The main health related one in group 4 is the use of hydrogenated vegetable fat. Even here it isn’t clear enough. Emulsifiers is a scare word. I’m surprised nobody has put two and two together making -5, to link guar gum with fracking, and thus taint it as the work of Satan.
The whole idea of ultra-processed is poorly done. Clearly there is a lot of scare terminology at work, and an undercurrent of “natural good, industrial bad” at play. But there is value is calling out bad fats and overloading with sugar.
What one can say with some justification, is there there is some correlation between foods that have been made on an industrial scale with an eye to cost and logistics, and foods that contain less than happy ingredients.
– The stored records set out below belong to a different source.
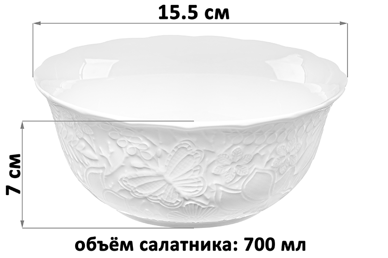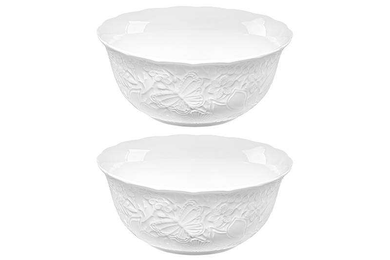 Набор 2 салатников Elan Gallery "Лесная фантазия" выполнен из белого фарфора. Размер каждого блюда – 15,5x15,5x7 см, объём – 700 мл. Имеют волнистые края. Коллекция посуды "Лесная фантазия" украшена изящным рельефным узором в виде цветов и порхающих бабочек. Она навевает фантазии о лесной поляне — благоухающей и согретой лучами солнца. Салатницы займут отличное место в вашей коллекции фарфоровой посуды. Используйте тарелку для любых закусок и угощения гостей на празднике или вечеринке. Подойдет не только для салатов, но и сервировки любых сладостей, например, конфет или печенья. Положите в фарфоровую ёмкость кабачковую икру или свежие овощи, чтобы порадовать гостей. Благодаря глубокой форме салатницу можно использовать вместо обеденных тарелок для супа или каши. Кухонный инвентарь станет универсальным помощником при сервировке стола. Не рекомендуется применять абразивные моющие средства. Беречь от резких перепадов температур и механических повреждений. Каждый салатник подходит для использования в микроволновой печи и посудомоечной машине. Комплект поставляется в стильной картонной коробке. Вам не придётся искать дополнительную подарочную упаковку, чтобы сделать сюрприз близким на праздник. Праздничная посуда – хороший вариант для подарка. В коллекции бренда Элан Галерея можно найти много красивого кухонного и столового инвентаря, а также собрать сервиз на свой вкус. Коллекция "Лесная фантазия" от Elan Gallery наполнит повседневные моменты лёгкостью и сказочной атмосферой, а также позволит создать красивую сервировку праздничного стола!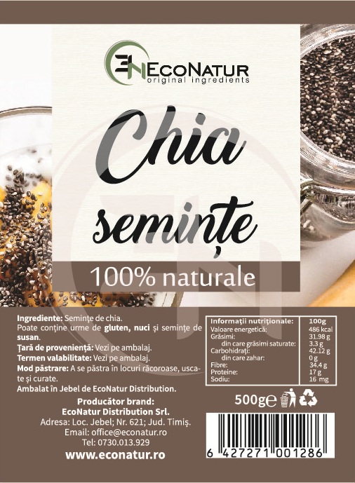 Semințe chia. Acest produs nu conţine şi nu este alcătuit din organisme modificate genetic.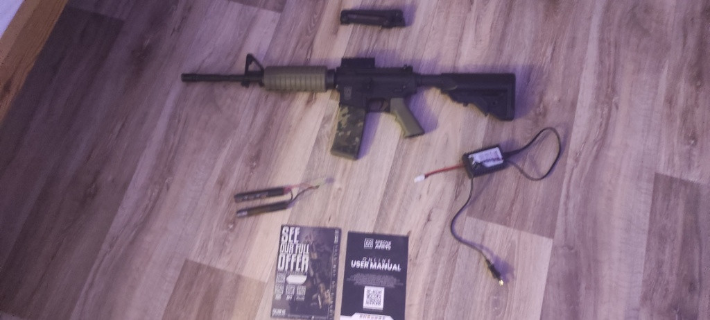 Je to elektrická m4a1 je v ní lepší pružina a ještě něco myslím jinak střílí perfektně je k ní teda pouze jeden zásobník ale mě to vždy vystačilo je točný mohu přidat chránič na pusu a celkově je to dobré do začátku nebo už i pro pokročilé já airsoft hrál už 4 roky a jinak perfektní měnil jsem baterií pažbu a nabíječku mám i originální krabici přímo od specna arms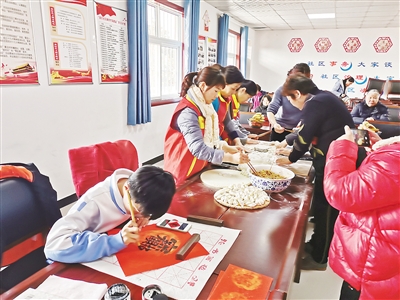 活動開始前,社區(qū)共建單位漯河市實驗中學(xué)的老師和學(xué)生們進行了寫春聯(lián)、送春聯(lián)活動,社區(qū)志愿者則在一旁包餃子。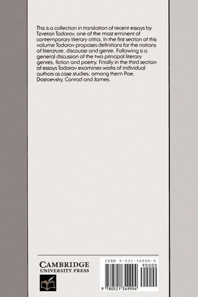This is a collection in translation of recent essays by Tzvelan Todorov, one of the most eminent of today's literary critics. Todorov proposes definitions for the notions of literature, discourse and genre, discusses the two principal literary genres, fiction and poetry, and examines individual authors as case studies.

A correlation with stuff in plastic bags too. I would say that that link is less clear than it was. I do notice that long life breads - which are those containing hydrogenated fats and anti-staling agents - do tend to come in impermeable plastic bags, clearly to keep them from drying out, whereas the higher quality breads tend to come in either paper or perforated plastic. So there are some additional dynamics here.
Those tend to be packaged after baking at the store, so they need to cool and dissipate some moisture. A few weeks ago I caught a batch of baguettes that had come right out of the oven and were still warm on the display rack. There was a little bit of condensation on the plastic sleeves even with the tops wide open. If they were sealed up tight that might trap too much moisture and you’d lose the crispiness of the crust. At lower-end grocery stores they seem to package those in plain plastic sleeves with twist ties, not much different than the commodity stuff, and they’re also more evenly soft.
Also, “baked fresh in-store” is one of those sly marketing terms. Yes it’s technically true, but the dough is still pre-made in a factory and sent frozen to the grocery store for thawing and baking. Subway does this same thing. Most “fresh” meat and seafood was frozen and thawed too. I’d say this is better than making the entire loaf offsite and shipping it into the store (that’s what the bread aisle is for), but it’s not like the bakery section is mixing and kneading dough in the back. The “bake it yourself” loafs are, as far as I know, the same thawed out dough they’re putting in their ovens.
There was something of a scandal here over that. Partially created loaves were carted from the other side of the planet to be baking in well known chain supermarket ovens. OTOH, we have a number of quite genuine in-store and speciality bakeries that very clearly do bake every night. One can see the huge mixing engines and the entire production chain all on display. My usual supermarket does a very good line of in-store baked goods. You can see the bakers slaving away in the bakery area behind the counter. But I don’t frequent any of the major supermarket chains.